As the anniversary of the first lockdown approaches, we are working in ways we never thought possible. With months of home working behind us, we accept that an unparalleled crisis heralded a new era for work. We took a step into the unknown and, as the dusts settles, we see how far we’ve come in terms of workplace change and adapting to often demanding circumstances.
Whatever the individual take-away from the last 12 months, HR is now focussed on the future shape of work as we glimpse life beyond lockdown. Equality and diversity, the gender pay gap, employee retention and talent management remain key issues for HR; but these will be challenged for priority by the enormous strain the experiences of 2020 placed on employee well being.
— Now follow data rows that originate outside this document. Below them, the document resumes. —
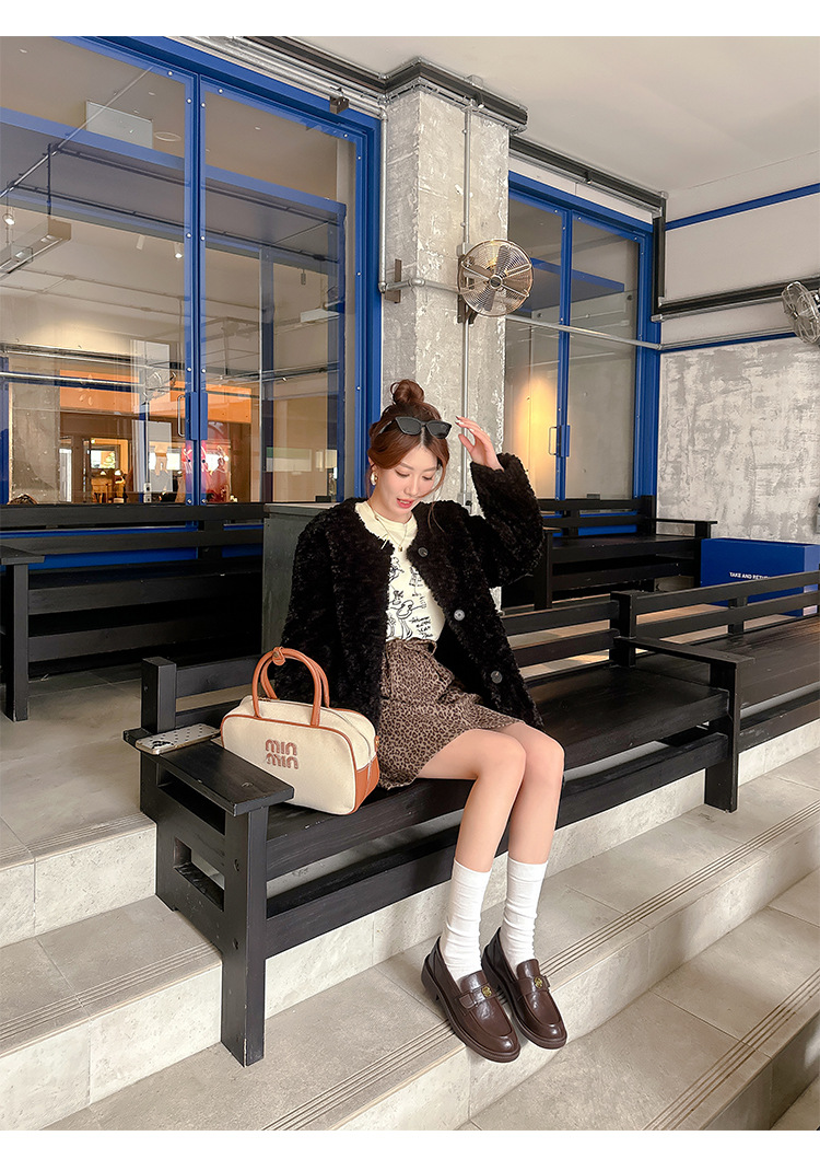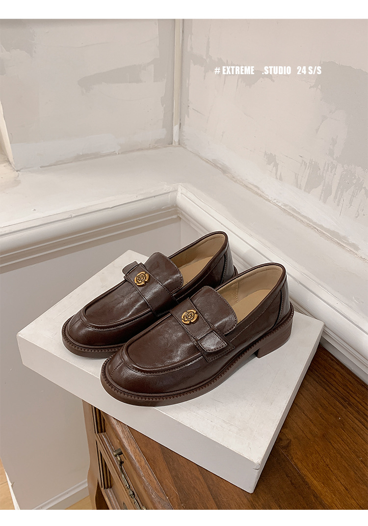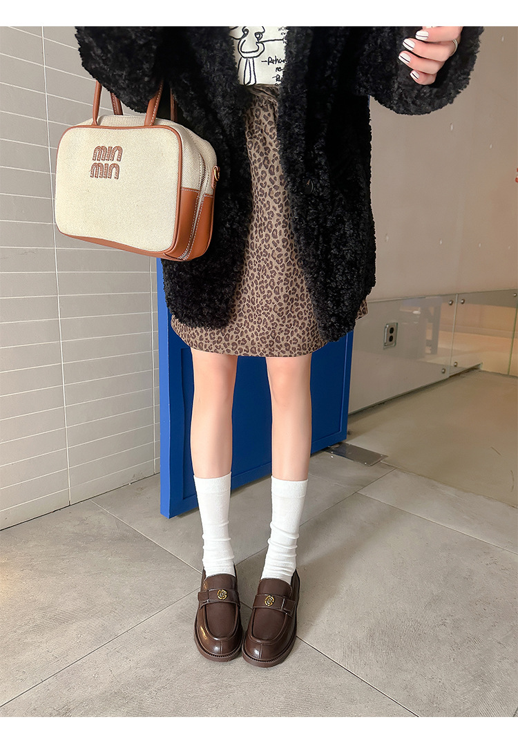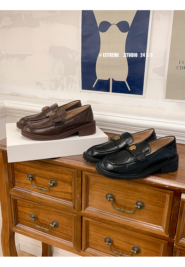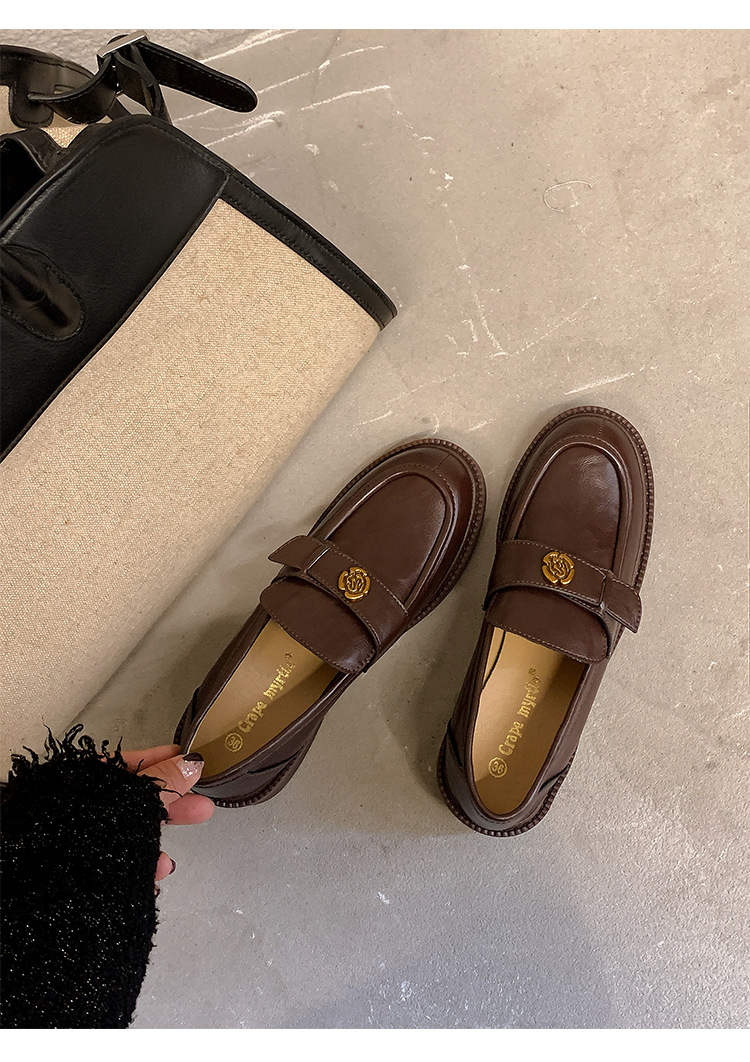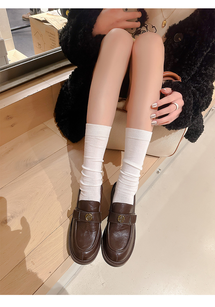 Zapatos de música de estilo británico para mujer 202 nuevos zapatos casuales de una sola pierna zapatos de cuero negro retro de plataforma
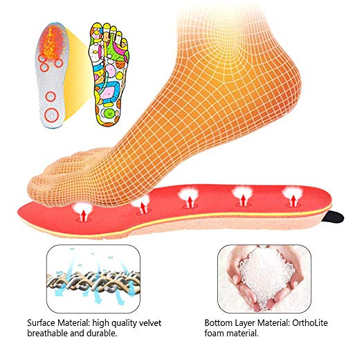 ▲ Solette riscaldabili: mantengono i piedi caldi quando fa freddo - distribuzione uniforme del calore per una circolazione sanguigna ottimale nei piedi.Queste solette riscaldate con un design sottile per la massima flessibilità distribuiscono il calore in modo uniforme sulla superficie del substrato. non solo protegge i tuoi piedi dagli inverni freddi, ma favorisce anche la circolazione sanguigna.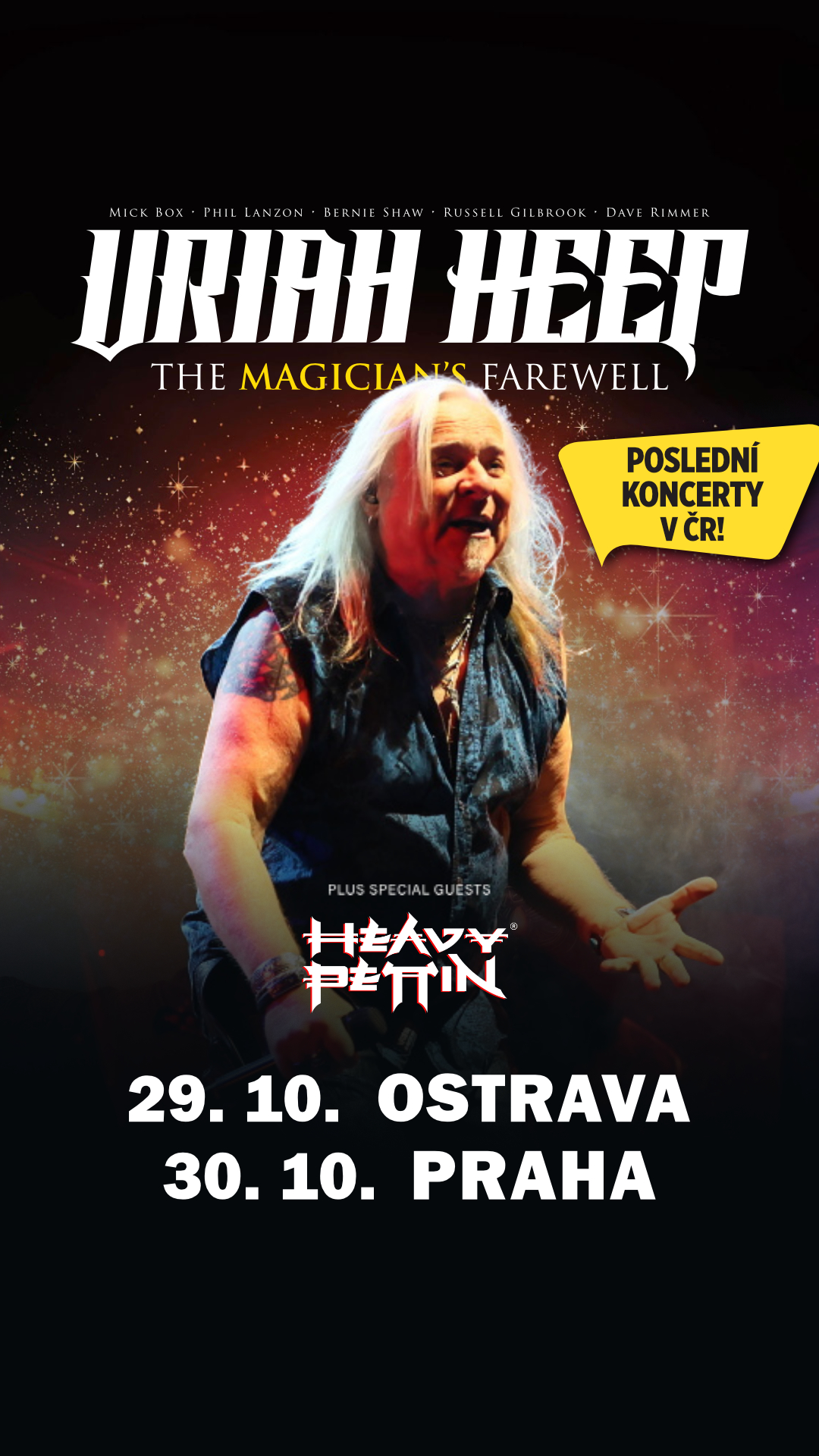 Minulý pátek byl spuštěn prodej vstupenek i speciálních VIP balíčků, na dva koncerty legendárních URIAH HEEP v ČR, v rámci jejich rozsáhlého rozlučkového turné „The Magician´s Farewell“, 29. října v ostravském Gongu a 30. října v pražském O2 universu. Máte už svůj lístek na ta nejlepší místa doma?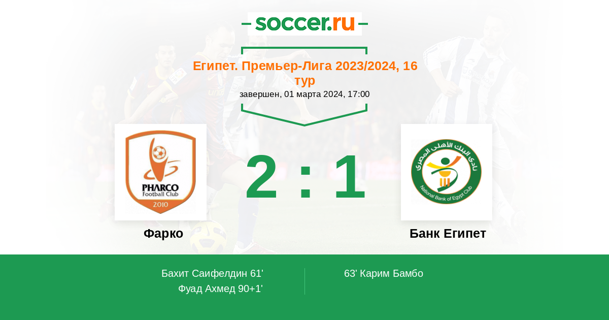 Протокол матча Фарко против Банк Египет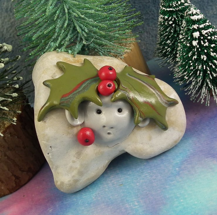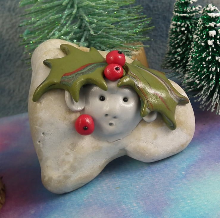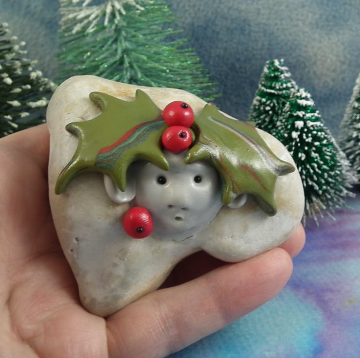 This is a 'one of a kind' creation having been entirely handmade without the use of moulds here at my studio on the Sussex Coast. Walter has been created with blended polymers on a natural stone base, he is not removable. Walter has sparkling black onyx eyes. Walter the Rock Gnome is presented on a three inch rock.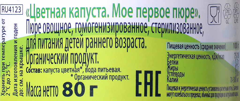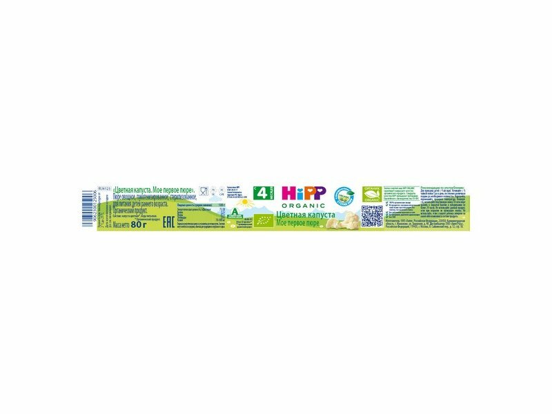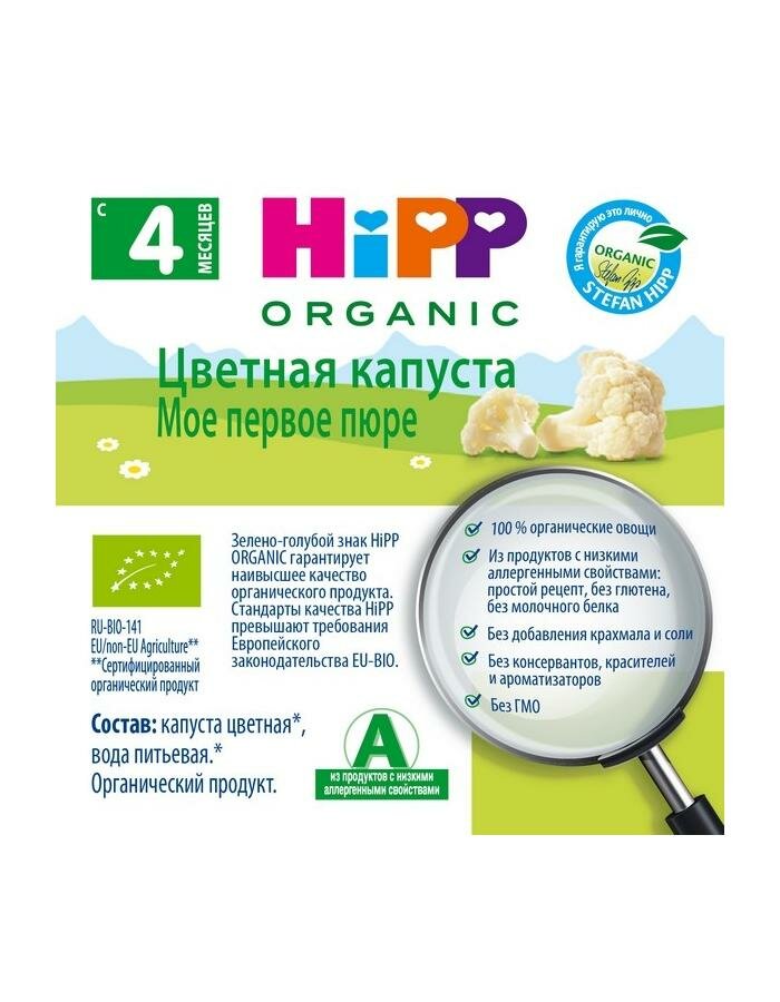Органическое овощное пюре HiPP "Цветная капуста, моё первое пюре", 80 гр./1шт интересное: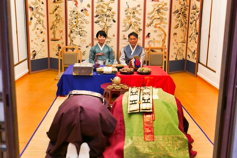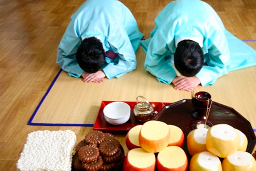 韓國日常生活中常見行大禮的部分,便是家庭每逢重要節日時的祭祀(祭祖),家人們會齊聚一堂,準備豐盛的食物,向仙逝的長者、祖先表達感恩之意,子女們也得依序於先人牌位前行大禮。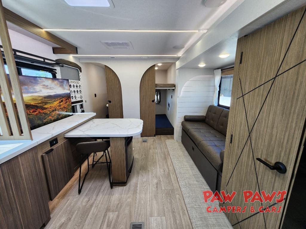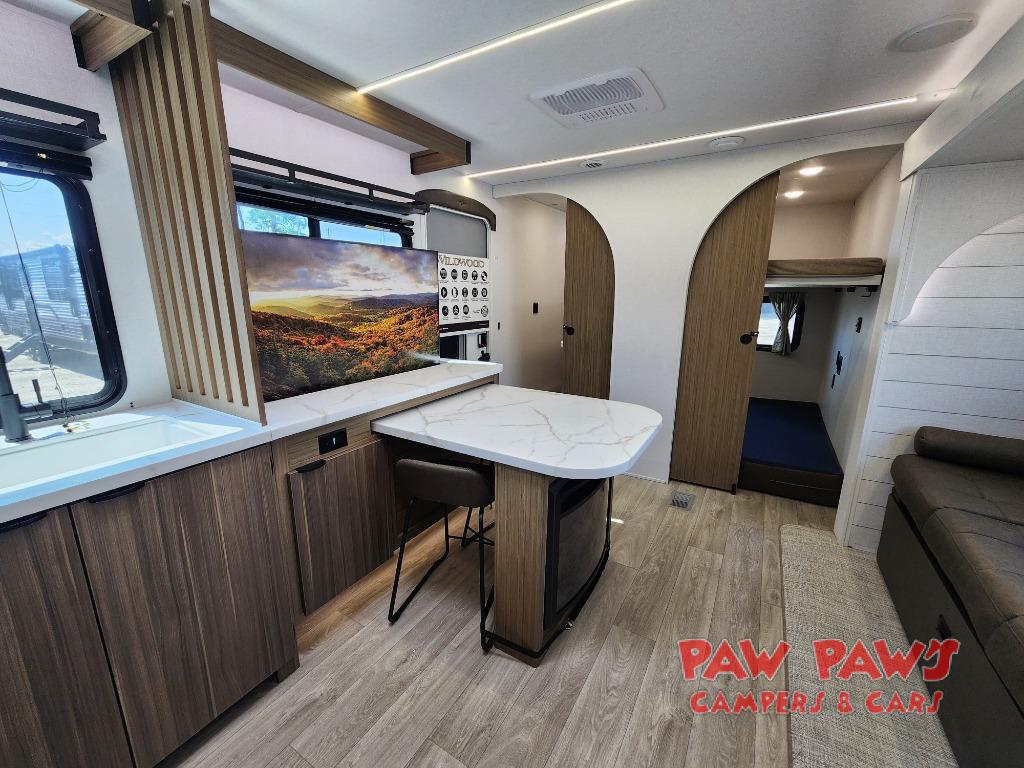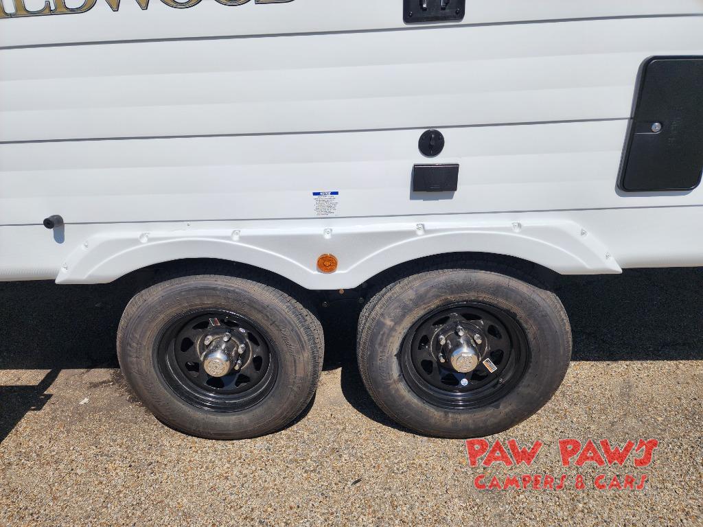 The Wildwood travel trailers are packed with hassle-free camping amenities! There are a variety of floorplans to choose from so you can find the layout that best fits your needs. The heated and enclosed Accessibelly will help protect against the elements and debris during transport, and the exterior retro/metal redesign is sure to be eye-catching! There are stylish roller shades inside, along with updated backsplash, elegant curtain rods and curtains, plus many more interior comforts! Choose a Wildwood travel trailer today for quality and value!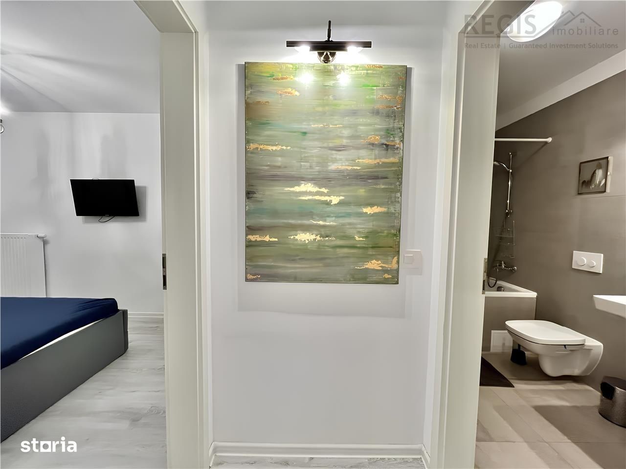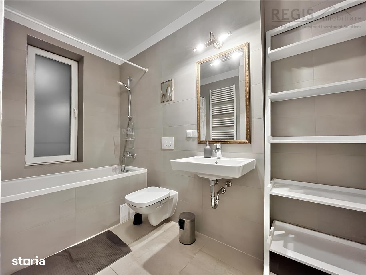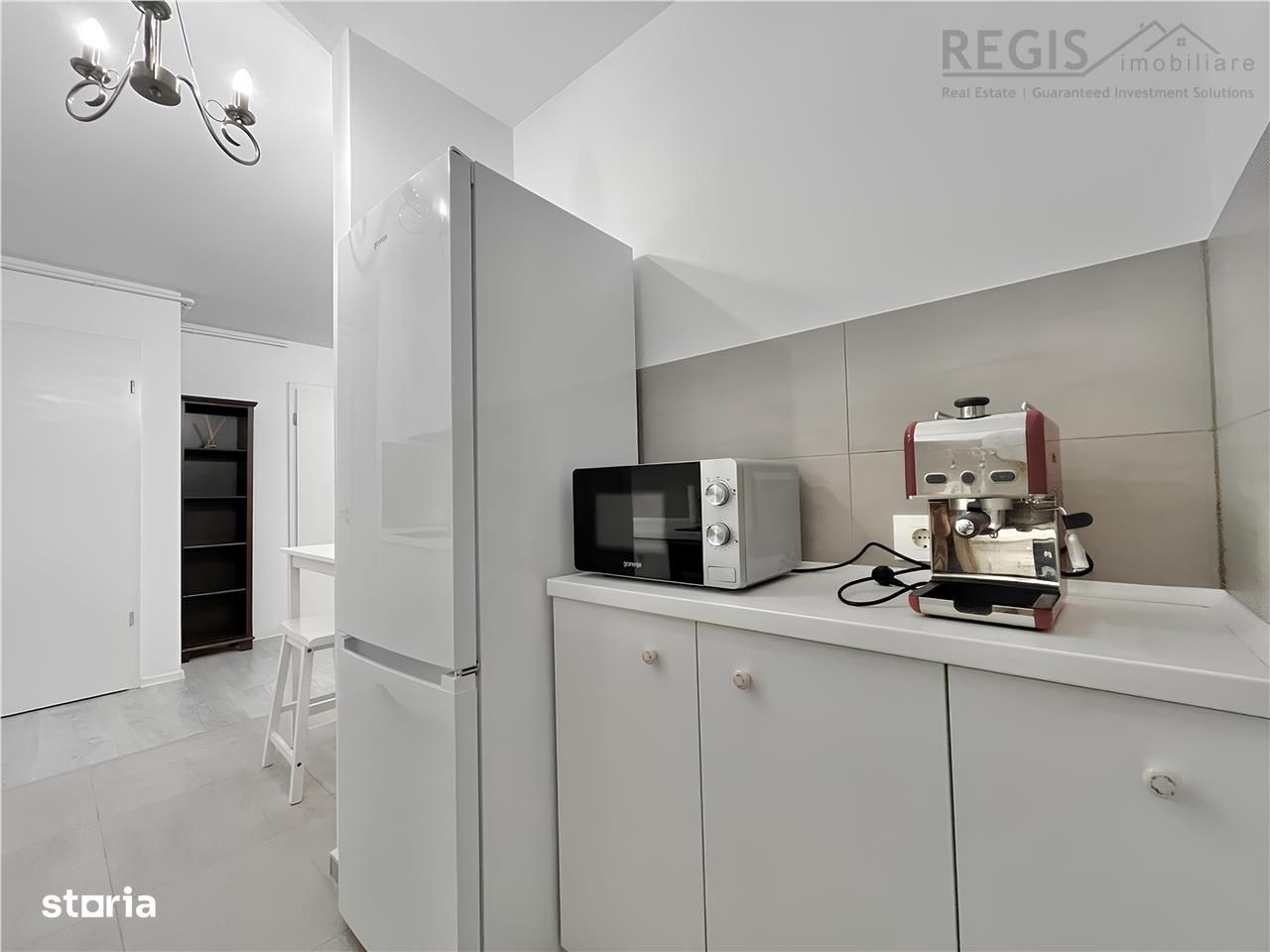 ID intern: 6337 Pentru orice contraoferta, nu ezitati sa ma contactati! REGIS Imobiliare va propune spre inchiriere un apartament modern. Acesta se afla in Kasper pe str. Camil Petrescu 3A la 350 m de mall Coresi. Apartamentul se afla in blocul cu Mega Image si are priveliste spre pietonala. Detalii: - Suprafata 50 mp utili + 8 mp 2 balcoane - 2 camere - Etajul 3 din 8 - Centrala proprie - Orientare E spre pietonala (soare dimineata) - Loc parcare inclus in pret - Boxa pentru depozitare Compartimentare open space: - living cu bucatarie, dormitor, debara, hol, baie si 2 balcoane Utilat cu: - plita, cuptor, cuptor cu microunde, hota, frigider, masina de spalat rufe, masina de spalat vase, TV si espresor cafea Zona: - Mall Coresi (500 m) - Statie autobuz (450 m) - Supermarket Mega Image, Kaufland, Lidl si Auchan (la parterul blocului, 600 m si in mall) - Retaurante, fast-food-uri, cafenele si pizzerie (in mall si complex) - Sala de sport BELAQVA Active Wellness (700 m) - Parcul Tractorul (600 m) - Easy Box (350 m) Inchirierea se realizeaza prin plata de 1 luna chirie, 1 luna garantie si comision agentie. Comisionul este 50% + TVA din valoarea chiriei pe o singura luna. Va astept cu drag la vizionare!

To protect employee mental health and to avoid another (albeit different) health crisis, there will need to be a shift from managing an employee in the workplace to managing their life experience. The seismic shift to home working gave employers greater visibility of personal lives with the increasing realisation that supporting an employee’s work/life balance has a direct impact on their well being and, consequently, their ability to perform. The advent of “e-presenteeism”1 is an indicator that 2020 increased feelings of insecurity amongst employees and this must be faced head on. Employees need boundaries and for those boundaries to be supported by their manager. An expectation that the employee is always available is as detrimental to their well being as a perceived lack of trust to be left unsupervised. During the early weeks of transition to home working, there was an assumption that the employee could not be productive as they navigated a new normal outside of the workplace. Where the focus was on efficiency and control, an ‘always on’ attitude took hold; the employee wanting to prove their value. On the surface, this may not be considered a problem, yet presenteeism can be just as damaging for a business as absenteeism. It can lead to stress, burnout and mental health issues that create major problems for both the employee and employer further down the line.
Alongside all these issues, process and automation still have a place in the day to day management of HR. However, the routine can be left to technology; the use of specialist software to manage the ordinary and report on the extraordinary. For now, the move to a more holistic approach and consideration for the entire employee life experience should be high on the HR agenda.
1Presenteeism has risen rapidly during lockdown and, given its remote and digital nature, the phenomenon has been dubbed ‘e-presenteeism’.